Sorry, maybe I wasn’t very clear. The case of predicting a time series with a pre-trained model on that same time series could be understood as a very specific case of transfer learning.
In other words, you could follow the Colab and use the model you trained on your data to predict your own and same data. Hopefully, you will achieve your practical goals. Namely: saving time on new training without compromising too much accuracy.
Regarding `statsforecast`: currently yo do have to retrain every time you want to update the model with new data. That doesn’t necessarily mean you have too retrain with every new observation.
Example: you want to predict the next 48 hours every 24 hours although you get new info every hour. In that case you would retrain from scratch every 24 hours, say at noon.
In an oversimplification, how people tend to deploy this models into production is by orchestrating workflows or pipelines that:
1. Extract data, do some wrangling and load to memory every so and so or given a specific event
2. Run the algorithms.

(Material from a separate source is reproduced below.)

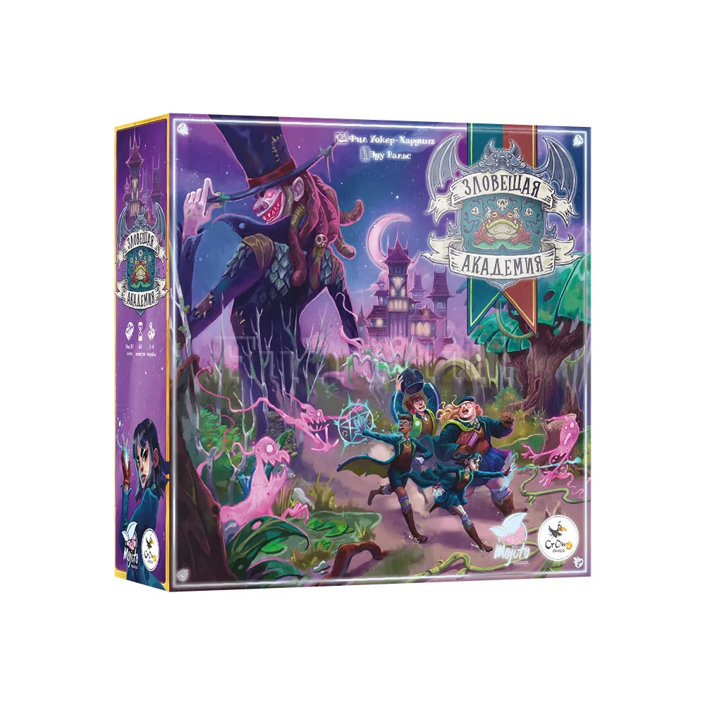 «Зловещая академия» – кооперативная настольная игра‑приключение, в которой вы становитесь студентами школы магии, построенной прямо посреди проклятого болота. Казалось, это отличное место для изучения заклинаний, пока в окрестностях не появился Злобный Чародей с отрядом приспешников и планом уничтожить академию. Учителей рядом нет, и только ученики могут спасти родную школу, собрав магические артефакты, проводя ритуалы и шаг за шагом ослабляя врага, пока не иссякнет колода событий.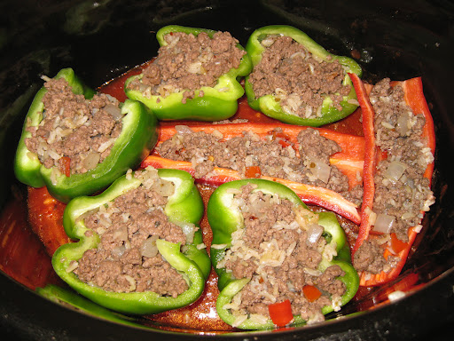 3. Fill bell pepper halves with meat mixture and place in slow cooker. Top with rest of tomato sauce (try to cover all of the peppers).

Sometimes people run different models and then choose the best one bases on defined error metrics.
3. Output the prediction somewhere
For simple pipelines we have seen people use tools like cron on servers on the cloud.
For more complicated pipelines you can use things like Prefect, Airflow, Ray, Mlflow and even run the computation on clusters of different machines. If you use spot instances, this process is actually quite cheap and fast.
I’m sure you knew most of this stuff but wanted to be as clear as possible.
If you need help with your particular implementation we could schedule a call or something.